Nella swallowed; her throat felt like glass. She thought of the texts Jett kept getting that he wouldn’t let her see. The fact that he’d never actually answered her question when she’d demanded to know his girlfriend’s name. His reluctance to talk about anything to do with her. She’d thought maybe it had been for another reason.
Daisy looked hesitantly over at Jett and Nella’s stomach nose-dived.
What was wrong with her? She always had a sixth sense for these things. She’d known about Grey and Max, she knew, despite Forrest Valentine and pregnant Divya Patel, that there was something strange and dark between Luca and the blonde La Marca girl currently drinking chinotto on her plane. And Nella had been the one to notice it first.
But she’d had no idea about Jett and Daisy.

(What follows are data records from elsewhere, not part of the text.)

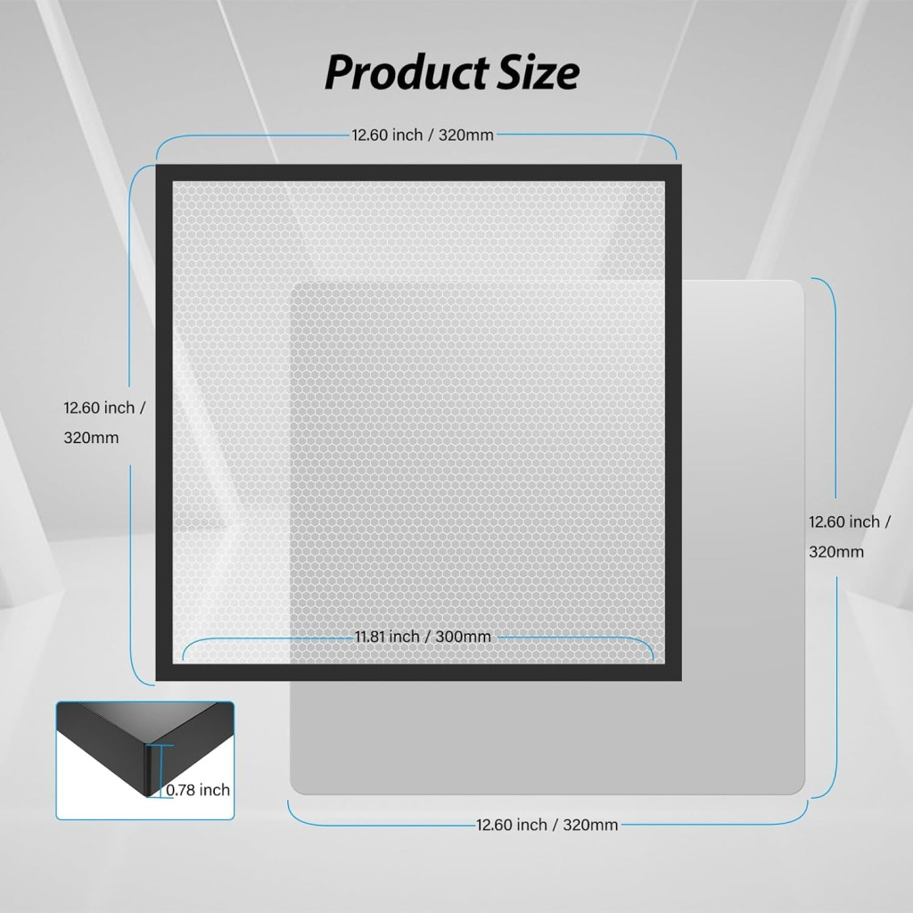 • Rozmer 320x320 mm: Ideálna veľkosť pre väčšinu laserových strojov (12,6x12,6 palca)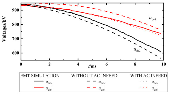 From Figure 10, it could be seen that there are evident errors in estimating node voltages if AC infeed is not considered. For sending end converter station s2, the voltage udc2 decreases much faster than the proposed method. For receiving end converter station s4, the voltage udc4 firstly rises to some extent and then decreases. This is because the AC side releases the power required by the DC side for the sending end and plays the role of absorbing and releasing power flowing into the converter station for the receiving end. Since all MMC controllers are represented by variable controlled current sources, the proposed method shows sufficient accuracy in estimating the node voltages.
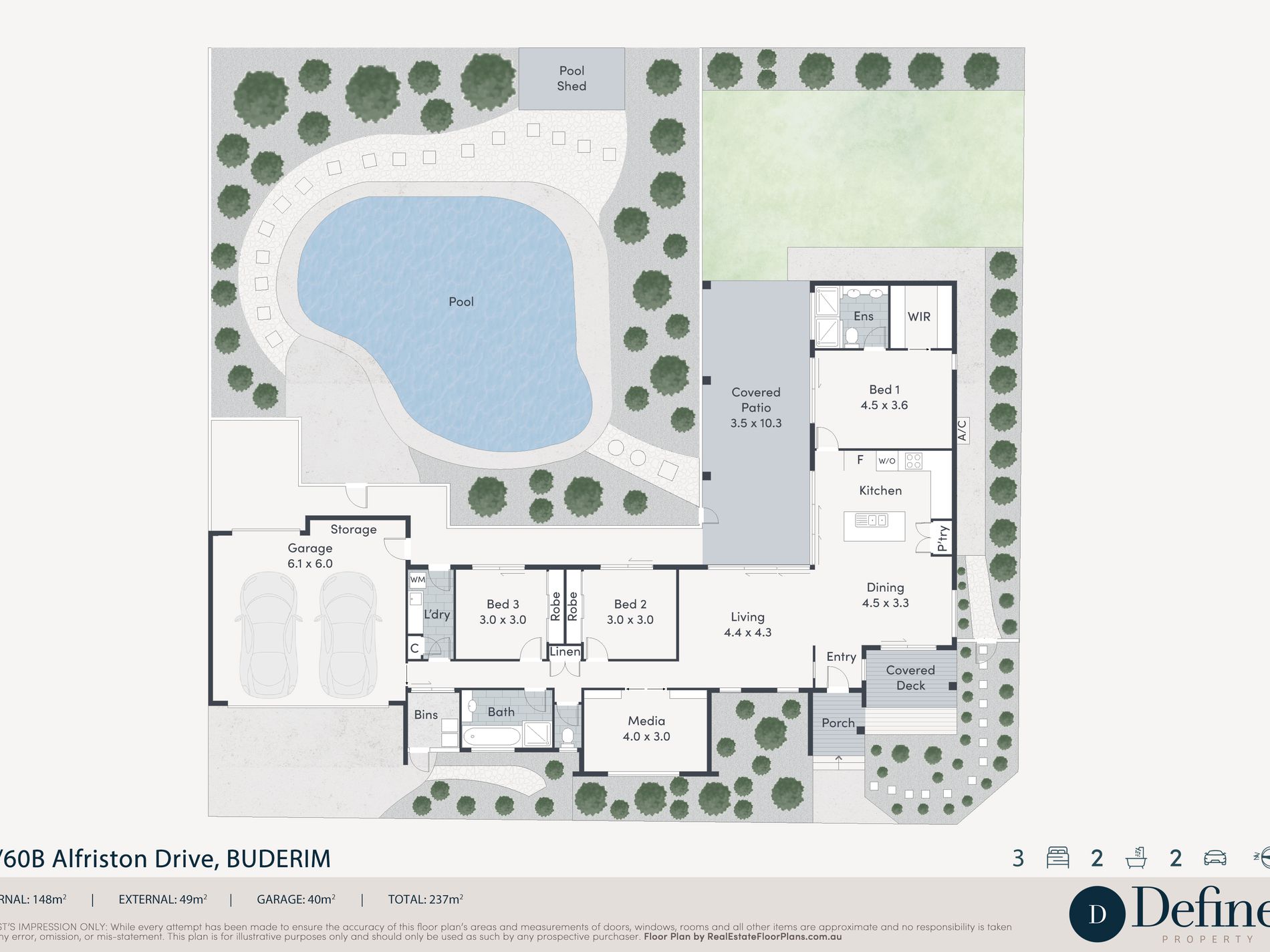 • North-facing lagoon-style pool surrounded by fully fenced, landscaped gardens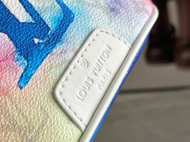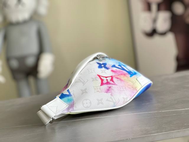 / M45759Discovery 小号腰包本款 Discovery 小号腰包沉浸于 Monogram Watercolor Multico 帆布的粉彩意境。前后拉
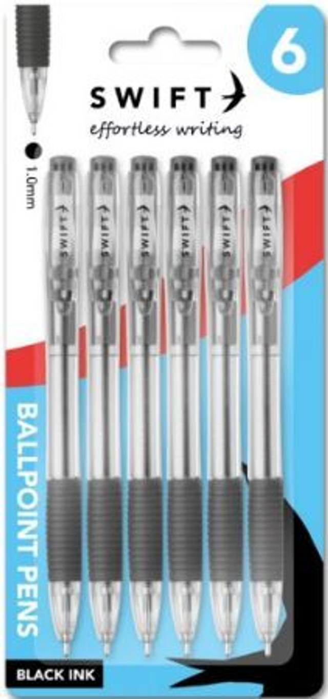 Retractable ballpoint pens, 1mm tip, pack of 6, black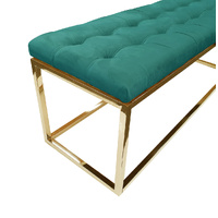 The ottoman is made from high-quality materials, including stainless steel with a gold finish and tufted velvet upholstery in green. The combination of these materials creates a sophisticated and modern look that will complement any decor style.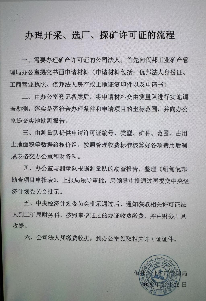 佤邦工业矿产管理局发布《办理开采、选厂、探矿许可证的流程》
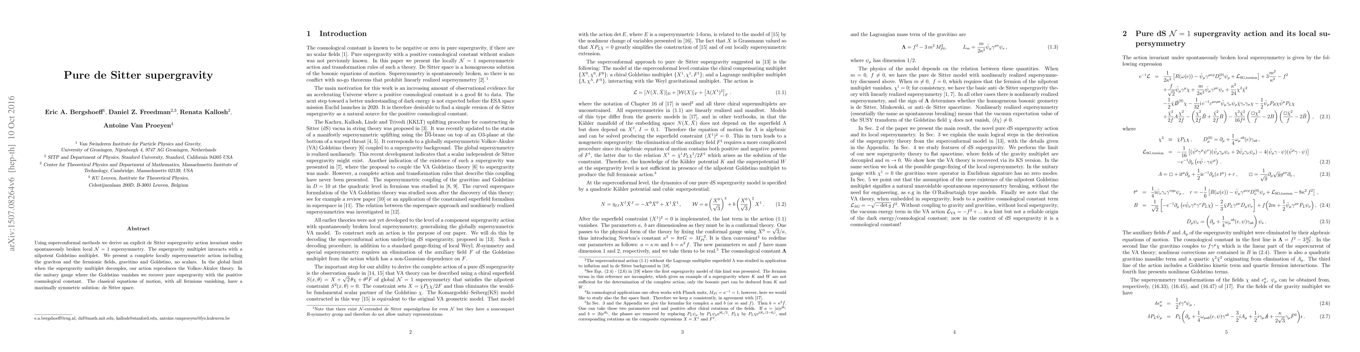 Using superconformal methods we derive an explicit de Sitter supergravity action invariant under spontaneously broken local ${\cal N}=1$ supersymmetry. The supergravity multiplet interacts with a nilpotent goldstino multiplet. We present a complete locally supersymmetric action including the graviton and the fermionic fields, gravitino and goldstino, no scalars. In the global limit when supergravity multiplet decouples, our action reproduces the Volkov-Akulov theory. In the unitary gauge where goldstino vanishes we recover pure supergravity with the positive cosmological constant. The classical equations of motion, with all fermions vanishing, have a maximally symmetric solution: de Sitter space.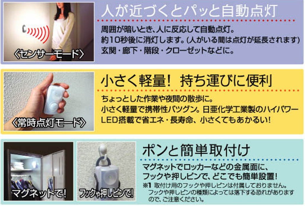 ● Easy installation with a magnet and hook with Pong! It also becomes a handy light LED sensor light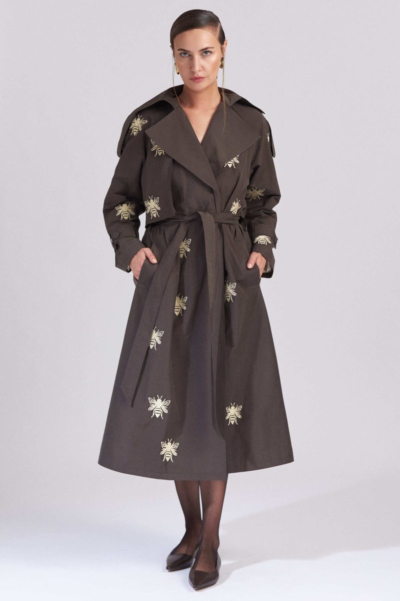 The shell trench has bees embroidered all over, a belt to highlight the waist and pockets.The embroidery is made with golden thread.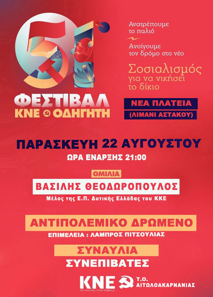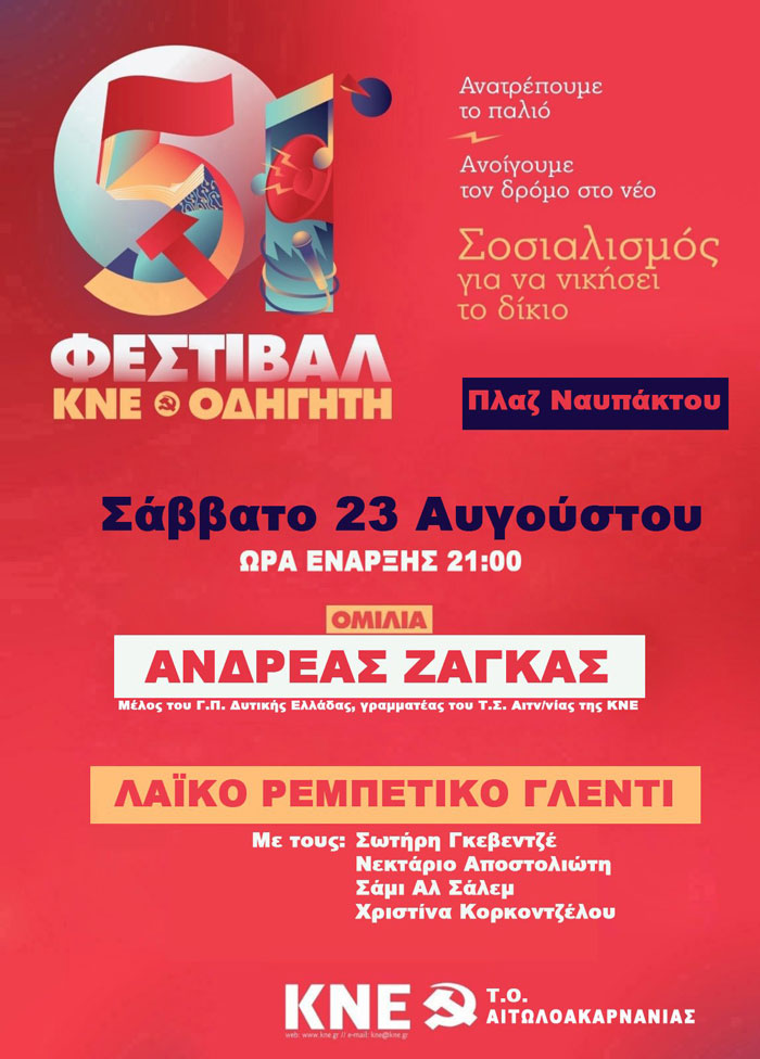 Με σύνθημα «Ανατρέπουμε το παλιό, ανοίγουμε τον δρόμο στο νέο. Σοσιαλισμός για να νικήσει το δίκιο!», το 51ο Φεστιβάλ ΚΝΕ-Οδηγητή έχει ξεκινήσει το ταξίδι του σε όλη τη χώρα, δίνοντας ξανά το παρών σε δεκάδες πόλεις.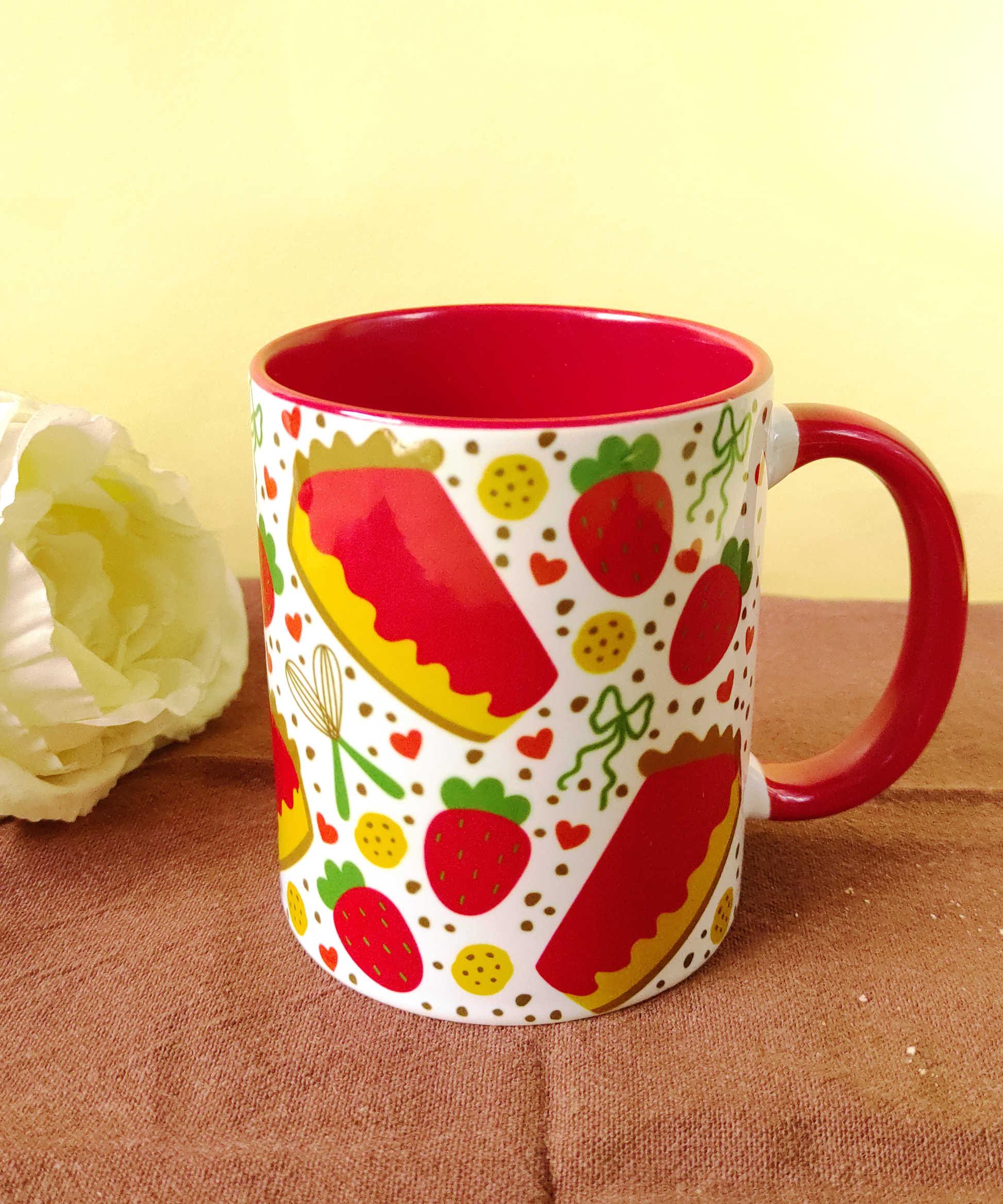 Esta caneca é ilustrada com cheesecakes, morangos, bolachas e corações, num padrão criado no atelier da Fellow Sheep.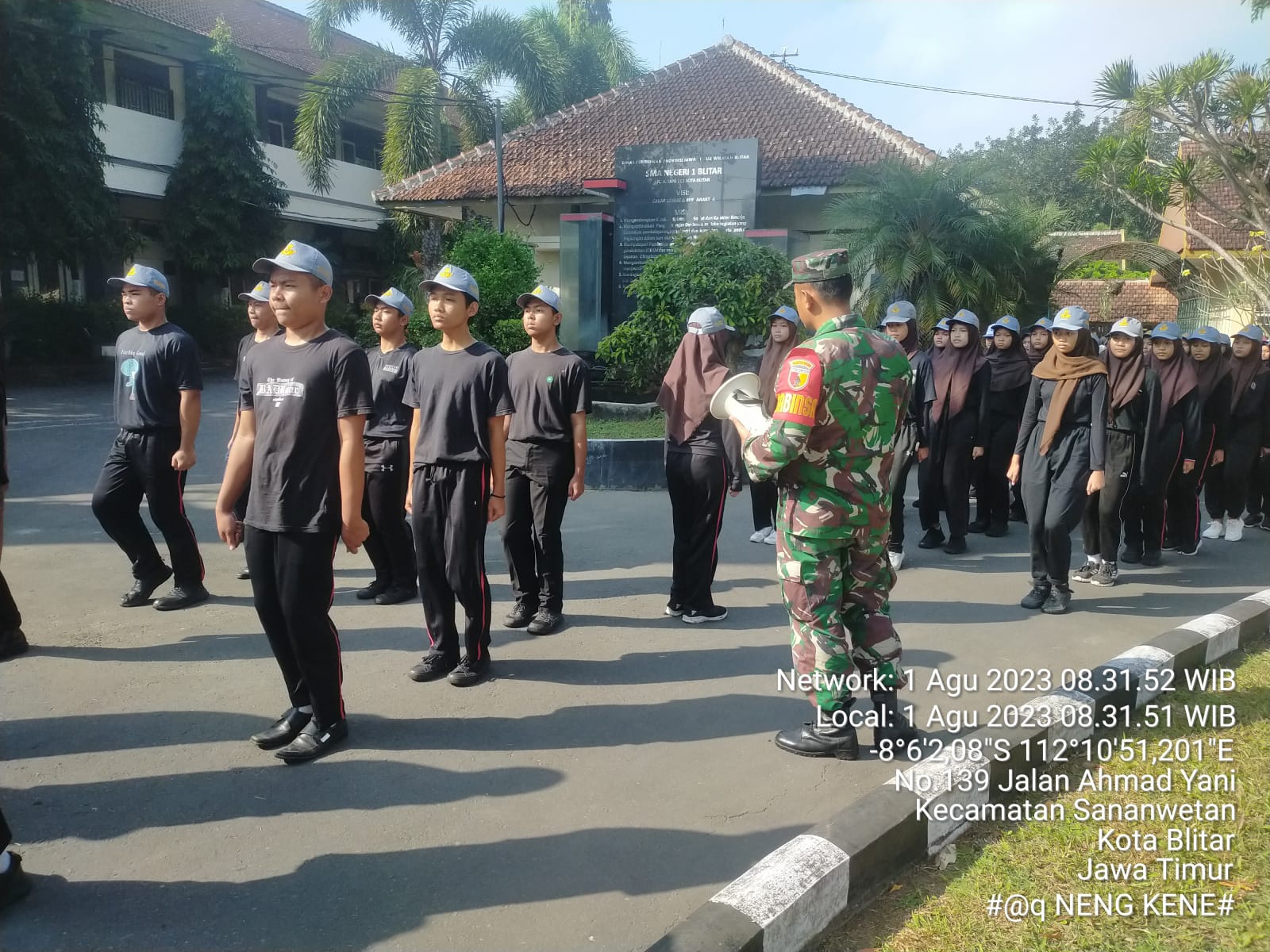 Kegiatan latihan peraturan baris berbaris ini, dilaksanakan di halaman SMAN 1 Jl. A. Yani No. 112 Kec. Sananwetan Kota Blitar, Selasa (1/8/2023).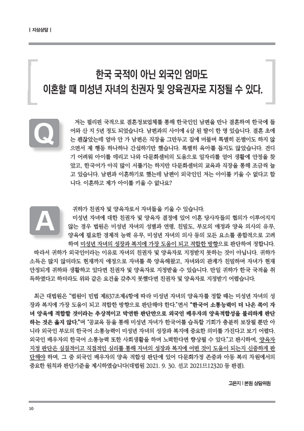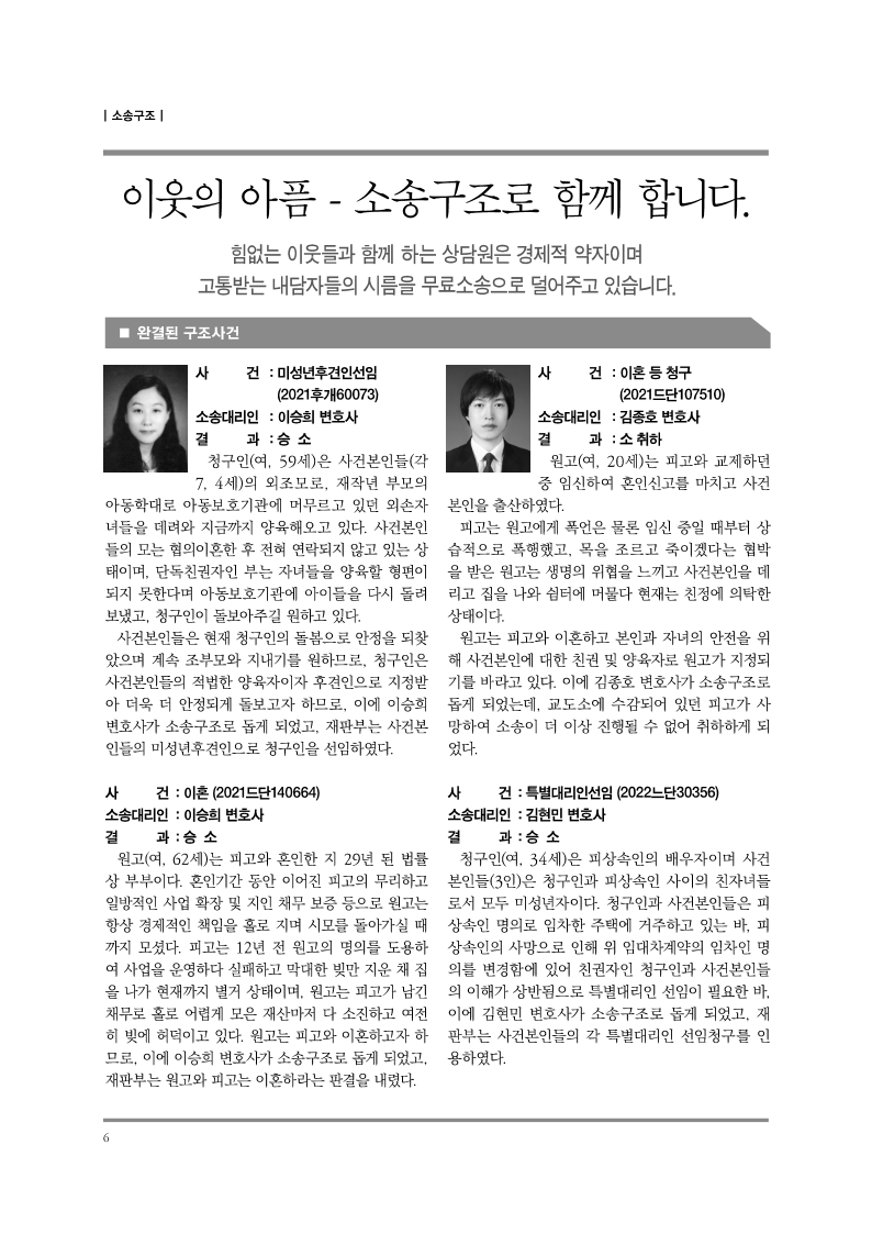 순번 47제목 법률복지 87호작성자상담원작성일2021-06-09조회1291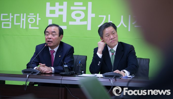 (서울=포커스뉴스)장병완 국민의당(가칭) 창당준비위원회 정책위원장과 주승용 원내대표(오른쪽)가 22일 오전 서울 마포구 국민의당 당사에서 기자간담회을 하고 있다.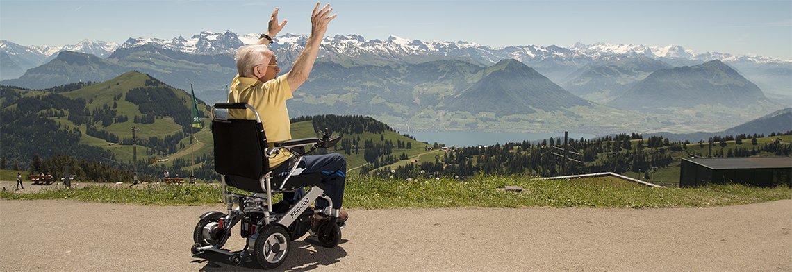 Mit dem Elektrorollstuhl FER-600 können Sie wieder mit der Bahn, dem Schiff oder sogar mit dem Flugzeug verreisen – ganz ohne Stress. Da die Räder keine Luft enthalten, müssen sie diese nach dem Flug nicht zuerst wieder aufpumpen, sondern können die Reise direkt fortsetzen. Der zusammenfaltbare Elektrorollstuhl FER-600 und seine Batterien haben Zertifikate, welche alle Fluggesellschaften akzeptieren (der FER-600 und FER-1050 werden sogar empfohlen von den Airlines Swiss und Edelweiss).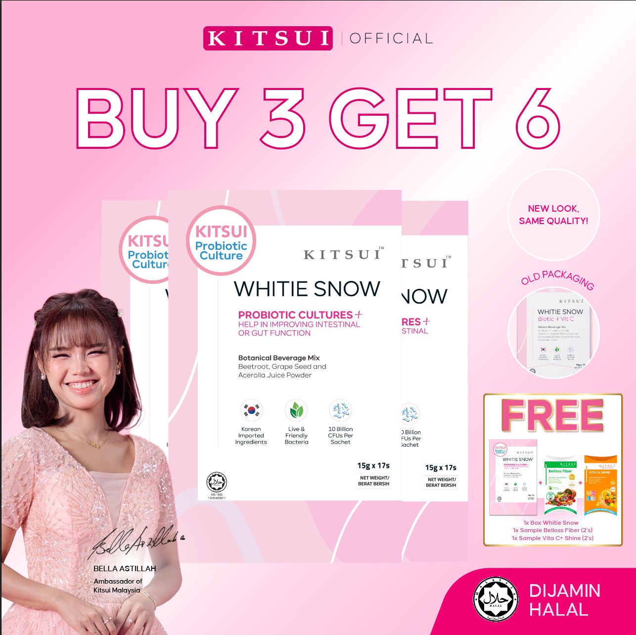 [BUY 3 GET 6] KITSUI Whitie Snow x3 [FREE 1x Whitie Snow + 1x Vita C+Shine 2's + 1x Belloss Fiber 2's] Supplement | Halal | Minuman Berperisa Beri Dengan Vitamin & Probiotik | Kulit Berseri

Because I didn’t want to know.
The truth crashed into her in a sickening jolt, as though Jarls had lost control of the plane and they were plummeting down to earth.
24
Jett
‘They call it the island of silence.’ Their Lake Orta guide (and wine expert, as he’d reminded them approximately seventy times since he picked them up) said, waving out from their boat at the tiny island 500 metres across the ice blue lake, which looked like a miniature snow globe city without the dome. He passed them all maps from the stand at the shuttle boat docks. ‘You must remember to respect the silence the nuns live by. Besides a few private residences, it is only them there.’
‘So we can’t talk at all?’ Nella asked, stepping to avoid one of Ariana’s retches as she threw up overboard again.
The La Marca girl had been sick ever since they’d started the descent into Milan Linate Airport. Normally Jett would have had a stroke at the thought of her getting vomit on the vintage rental car their contacts had set them up with (a sky-blue 1973 Lamborghini Espada, aka the most underrated sports car of the century, which only those who appreciated true style and sophistication could understand), but since he’d got on the plane, he could no longer muster the same energy to care.
Instead his head was ringing with Avery’s words.